ACTION ITEM: For the records that follow, return only the count of lines containing the string "kvinnan".

RECORDS FOR THE EXERCISE:
****************************************
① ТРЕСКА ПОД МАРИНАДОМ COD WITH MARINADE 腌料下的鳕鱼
****************************************
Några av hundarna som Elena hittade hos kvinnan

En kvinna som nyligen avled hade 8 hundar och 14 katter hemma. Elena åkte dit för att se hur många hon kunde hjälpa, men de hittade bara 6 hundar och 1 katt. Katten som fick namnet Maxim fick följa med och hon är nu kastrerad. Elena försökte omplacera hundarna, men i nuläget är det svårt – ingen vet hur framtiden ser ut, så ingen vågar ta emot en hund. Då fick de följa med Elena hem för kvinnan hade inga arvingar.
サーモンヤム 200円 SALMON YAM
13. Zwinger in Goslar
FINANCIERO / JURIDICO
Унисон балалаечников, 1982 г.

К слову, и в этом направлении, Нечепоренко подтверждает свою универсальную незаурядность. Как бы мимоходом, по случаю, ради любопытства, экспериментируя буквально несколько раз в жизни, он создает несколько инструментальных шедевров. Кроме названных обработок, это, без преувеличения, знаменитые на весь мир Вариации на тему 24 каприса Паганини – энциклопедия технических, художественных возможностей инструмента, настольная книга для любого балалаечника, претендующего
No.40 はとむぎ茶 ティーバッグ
****************************************
THE COMPLETED TASK: 2